Given records:
========================================
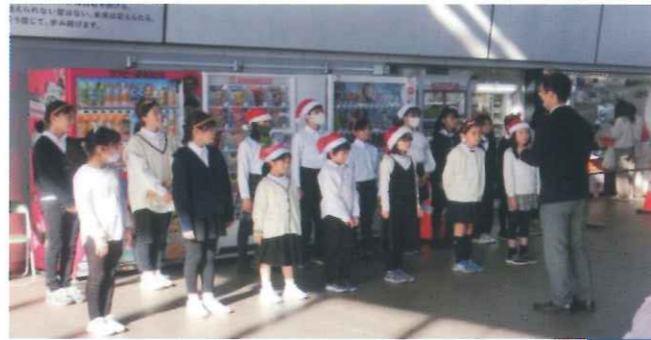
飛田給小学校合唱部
========================================
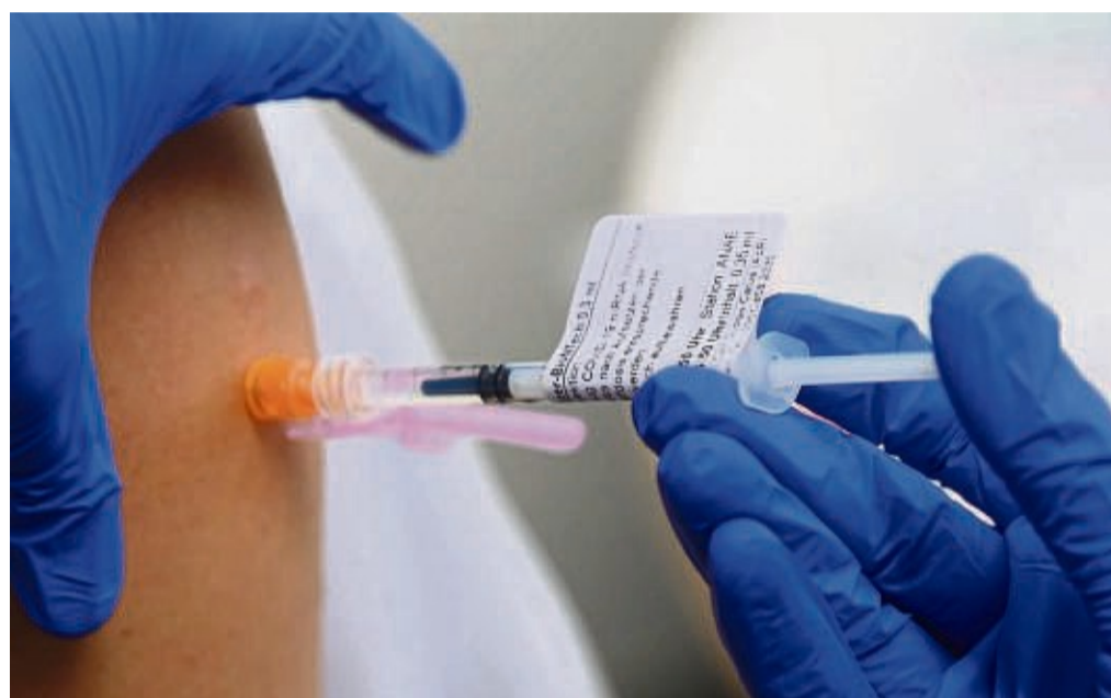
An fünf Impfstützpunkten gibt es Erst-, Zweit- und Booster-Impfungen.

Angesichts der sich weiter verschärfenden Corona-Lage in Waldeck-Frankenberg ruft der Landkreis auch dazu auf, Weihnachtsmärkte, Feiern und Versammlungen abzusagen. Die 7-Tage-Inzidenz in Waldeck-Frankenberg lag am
========================================
What the task asks:
Give again, word for word, every line of the listing above from the one with "An fünf Impfstützpunkten" to the one with "Angesichts der sich", both inclusive, and nothing beyond them.

Solution to the exercise:
An fünf Impfstützpunkten gibt es Erst-, Zweit- und Booster-Impfungen.

Angesichts der sich weiter verschärfenden Corona-Lage in Waldeck-Frankenberg ruft der Landkreis auch dazu auf, Weihnachtsmärkte, Feiern und Versammlungen abzusagen. Die 7-Tage-Inzidenz in Waldeck-Frankenberg lag am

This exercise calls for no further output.